Building blocks may look like child’s play, but they are turning out to be a surprisingly powerful way to untangle complex facility management challenges.
Everyone knows LEGO. What far fewer people know is that, at the end of the 1990s, the LEGO Group developed a dedicated methodology for facilitating workshops and change processes in organizations: LEGO Serious Play (LSP). It is a globally recognized method that taps into participants’ imagination and creativity and channels it towards complex, real-world questions — including the kind of operational and spatial puzzles that facility managers face every day.
Why it works: thinking with your hands
LSP rests on two principles: the power of the metaphor and the power of the story. Participants build a model in answer to a question, then explain what they built. A single white brick can stand for a dangerous polar bear — no advanced building skills required. This deliberate simplicity is exactly what makes the method inclusive: everyone can take part, and everyone is heard.
Because people build before they speak, the method bypasses the usual meeting dynamics where the loudest voice dominates. A core rule keeps the focus where it belongs: “the model speaks, not the person.” There are no wrong answers and no criticism of each other’s creations. The result is a safe, participatory setting in which all the knowledge present in a team is unlocked, weighed and anchored — with a genuine long-term effect.
The added value for facility management questions
Facility management is, by nature, a domain of complexity: overlapping responsibilities, shared spaces, invisible processes and stakeholders who each see only part of the picture. These are precisely the issues where conventional discussion tends to stall. LSP makes that complexity tangible and discussable.
By visualizing roles, tasks and processes as physical models, a facility team can literally see how its parts connect. Essential relationships are made explicit by linking models together with specific bricks, and bottlenecks that normally remain hidden suddenly become visible to everyone in the room. Storytelling adds the context, emotions and underlying assumptions that a spreadsheet or org chart can never capture, which in turn fuels deep, solution-oriented discussion and strengthens team cohesion.
From theory to practice
I recently had the opportunity to use LSP, during a one-day workshop, to map out the operation of an entire facility management team of ten people. We started from each member’s personal assignment, then modelled the various team responsibilities one by one. The individual explanations alone immediately sparked in-depth, clarifying discussions.
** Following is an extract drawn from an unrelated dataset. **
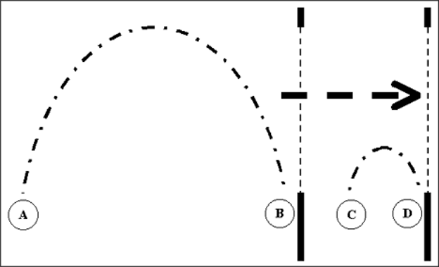 Figure 1. The Wang experiment: A light pulse A-B is timed when its leading edge B and its trailing edge A enter the opening of a chamber (near B in the figure), moving in the direction of the arrow. The leading edge D and trailing edge C of the same pulse, now weaker, are also timed when they exit the chamber through another opening on its far wall (near D in the figure). The leading edge BgD travels through the chamber at the speed of light, c. Because the pulse shape is retained but its amplitude is weaker, the trailing edge AgC appears to travel faster than c. In fact, C exits the chamber before A enters it.

At the end of the session, the participants combined all their individual models into a single overarching structure in which every team member could find their place. The shared processes were thoroughly mapped out — and, tellingly, the team arrived at concrete improvement proposals entirely on their own. That is the real promise of LEGO Serious Play for facility management: not playing with bricks, but turning a complex, half-visible operation into a shared landscape that a team can understand, own and improve together.